Война может быть морально обоснованна и даже необходима, но она не может быть справедлива.
— А морально обоснованная война — это какая?
— Это война, которая необходима с моральной точки зрения. Например, когда на нас напали, мы не думаем о справедливости, а, как писал Толстой, хватаем первую попавшуюся дубину и гвоздим неприятеля до тех пор, пока чувство ненависти не сменится чувством сострадания. И это правильно, тут не до справедливости.
На самом деле война может быть справедливой в принципе — в том случае, если она уподобляется дуэли, как ее понимал [немецкий теоретик войны XIX века Карл фон] Клаузевиц. Когда мы воюем по правилам, когда объявляем войну и меряемся силами.
— Но война XIX века — это когда стороны выстраивались на поле и сражались до победного, а мирные жители оставались в стороне. Таких войн уже не бывает.
— Да. Но, строго говоря, и те войны были несправедливы, так как все-таки затрагивали лиц, которые не хотели в этом участвовать. В более строгом смысле справедливая война должна бы совершенно уподобиться дуэли.
— Чтобы два президента вышли стреляться в чистое поле?
— Или чтобы две армии договорились о встрече в каком-то поле — и исход сражения решил бы всю войну. Такого нет, поэтому говорить о справедливости войны уже давно нельзя, а в современных условиях тем более.
— Оборонительная война — это ведь не единственная форма морально обоснованной войны?
— После Второй мировой войны в уставе ООН закрепили одну из парадигм морально обоснованной войны — о том, что справедливая война — оборонительная.

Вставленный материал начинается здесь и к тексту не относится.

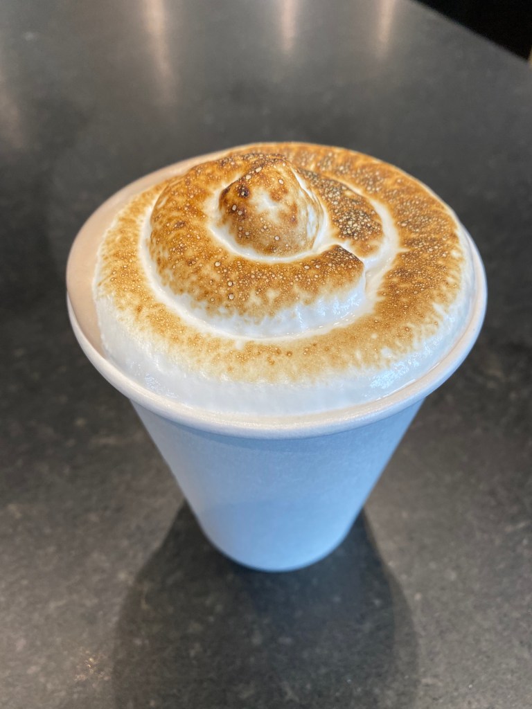 “A rich and creamy base of milk chocolate hazelnut gianduja with toasted Italian meringue floated on top.”

Не хочу, чтобы меня обвинили в милитаризме, но в современных условиях, в принципе, можно допустить моральную необходимость не только оборонительной войны.
Учитывая характер гибридных, информационных и кибервойн, противник может наносить удар, даже не вторгаясь на вашу территорию. Вред при этом может быть нанесен гораздо больший. Не говоря уже о том, что можно просто запустить ядерную ракету.
— Это уж точно несправедливо.
— Но есть еще и то, что называется превентивный удар, или предупредительная война. Между ними провести различие очень трудно.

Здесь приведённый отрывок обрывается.